Equation of auxiliary circle of the ellipse $2x^2 +6xy + 5y^2$= 1

My approach is , First I try remove xy term from the equation, to convert the given equation in the standard equation of ellipse and find the value of $a$ and $b$. For this , I use the concept of rotation of axis, using this concept first I find $\tan2\theta = -2$ then I find the value of $\sin \theta$ and $\cos \theta$. But the problem is the the value of $\sin \theta$ and $\cos\theta$ are complex and when I try to solve using the concept of rotation of axis but equation become too much complex and also take a lots of time to solve it. So I please tell me another approach or method to solve this question.

Answer 1

The auxiliary circle is centered at the center of the ellipse and its radius equals the semi-major axis of the ellipse. Any conic of the form $ax^2+2hxy+by^2=1$ is centered at origin (as if $(x,y)$ lies on the ellipse so does $(-x,-y)$).

To find the semi-major axis we need to find the greatest distance of any point on the conic from the center.

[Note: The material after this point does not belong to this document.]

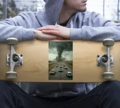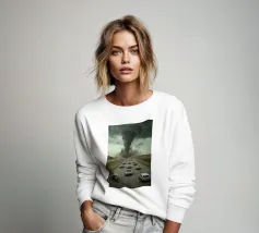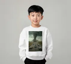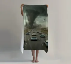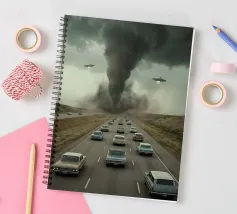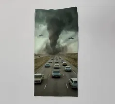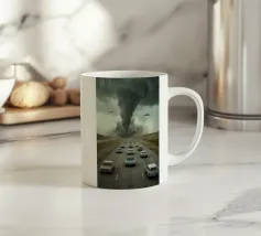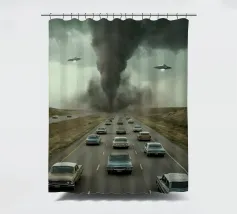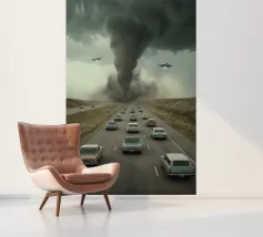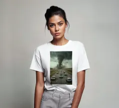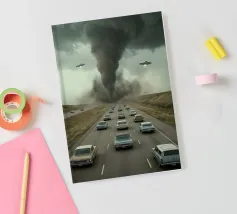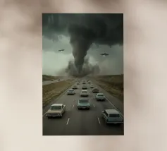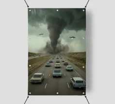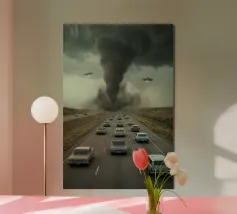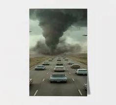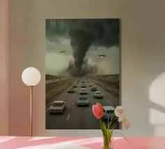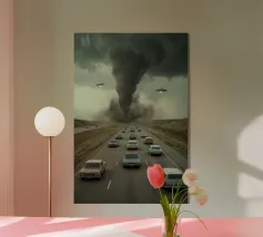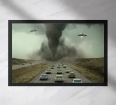 Questa drammatica opera d'arte surreale cattura un agghiacciante momento apocalittico in cui un enorme tornado attraversa un'autostrada aperta mentre misteriosi UFO si librano silenziosamente sopra di essa. Le auto d'epoca si dirigono verso la tempesta, creando un potente contrasto tra la vita quotidiana, il disastro naturale e la presenza extraterrestre. La composizione cinematografica evoca temi di invasione aliena, caos, mistero fantascientifico e futuro distopico. Perfetto per gli amanti dell'arte surreale, della fantascienza, delle immagini UFO e delle decorazioni murali cinematografiche dark, questo disegno si impone con forza negli interni moderni e negli studi.

So we turn to polar coordinates $x=r \cos \theta, y= r\sin \theta$

Substituting in the equation we get $r^2 = \dfrac{1}{2 \cos^2 \theta+6 \sin \theta \cos \theta+ 5 \sin^2 \theta} = \dfrac{2}{7+6\sin 2 \theta - 3 \cos 2 \theta} \le \dfrac{7+3 \sqrt 5}{2}$

Hence the equation of the auxiliary circle is $x^2+y^2 = \dfrac{7+3 \sqrt 5}{2}$

Answer 2

To avoid rotations, you could find the intersection $P$ between the ellipse (which is centred at $O=(0,0)$) and a generic line through the centre $y=mx$. Length $PO$ is then an expression in $m$ whose maximum gives the radius of the auxiliary circle.